A defendant has a constitutional right, under the Sixth and Fourteenth Amendments to the United States Constitution, to a jury drawn from a cross-section of the community and to the equal protection of the laws. Batson v. Kentucky, 476 U.S. 79, 83 (1986). These rights are violated when the State purposefully discriminates on the basis of race in the exercise of their peremptory challenges. Id. at 86. When a Batson challenge is made, trial courts engage in a three-step inquiry. Ray-Simmons v. State, 446 Md. 429, 436 (2016). First, the challenging party must provide a prima facie case of racial discrimination-i.e., the party must provide some evidence that the opposing party's strike was racially motivated. Id. A pattern of strikes against one particular racial group is sufficient to meet this threshold. Id. However, if the court proceeds to the second step and the striking party provides a reason for the challenged strike, the question of whether a prima facie case of racial discrimination was met becomes moot. Id. at 437.

The burden of production then shifts to the striking party to come forward with a neutral reason for the strike.

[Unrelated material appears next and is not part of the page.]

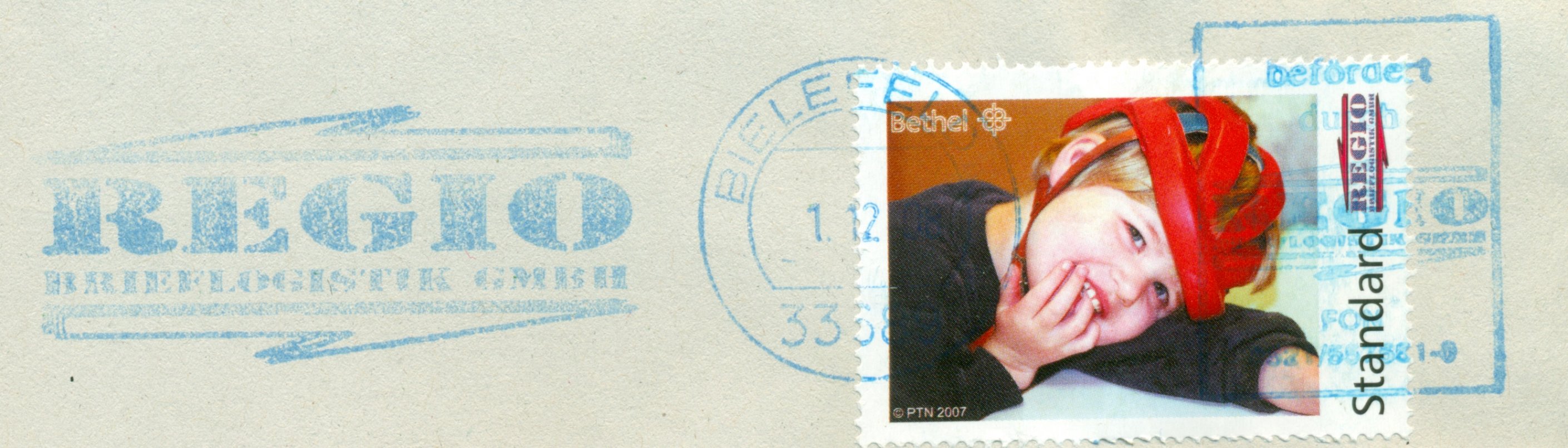Post aus Bethel: Fünfmal das gleiche Kind, aber in 3 Varianten und mit verschiedenen Stempeln. Viermal als Brief, das letzte leider nur als Briefstück. Regio Gmbh aus 2006 und 2007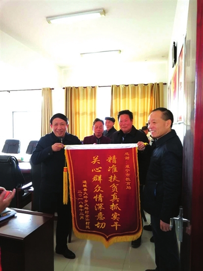 本报讯 (记者 熊大平 通讯员 余茹) 近日,一面写着“精准扶贫真抓实干 关心群众情深意切”的锦旗送到了市教育局。这是来自通城县大坪乡大坪村75岁的老党员胡友全发自肺腑的感谢之情。

Id. at 436. The State may not satisfy its burden of production "by merely denying that he had a discriminatory motive or by merely affirming his good faith." Purkett v. Elem, 514 U.S. 765, 769 (1995). Instead, the proponent of the strike must provide a reason that is clear, reasonably specific, and related to the particular case to be tried. Id. at 768-69. At this stage, the reason need not be persuasive or plausible. Ray-Simmons, 446 Md. at 436. Any reason offered will be deemed race-neutral provided that a discriminatory intent is not inherent in the explanation and that the explanation given is clear and reasonably specific. Id. at 436-37.

Finally, at step three, the court will consider whether the challenging party has met the burden of proving racial discrimination. Id. at 437. At this stage, the court may consider the demeanor of the striking party, the juror's demeanor, the juror's behavior during voir dire, and the plausibility of the reason given for striking the juror. Id. Because this last stage involves a largely factual question, and because it involves evaluating the demeanor of parties present in the courtroom, we afford great deference to the trial court's decision and that decision will only be reversed if it is clearly erroneous. Id.

Because the State provided an explanation for its strikes, the question of whether appellant presented a prima facie case of racial discrimination is moot. Id. at 436. We need not consider it. We proceed, therefore, to the second step. The State provided a single blanket reason for all of its strikes: the State was not confident, based on the behavior of the jurors, that they were enthusiastic about the proceedings and would pay attention and take the process seriously. The State specified, as to Juror 3, that this was because he had a "spaced out" expression and, as to Juror 26, that this was because he was shaking his head as he entered the box. The State provided an additional reason for Juror 2, indicating that she might be disingenuous.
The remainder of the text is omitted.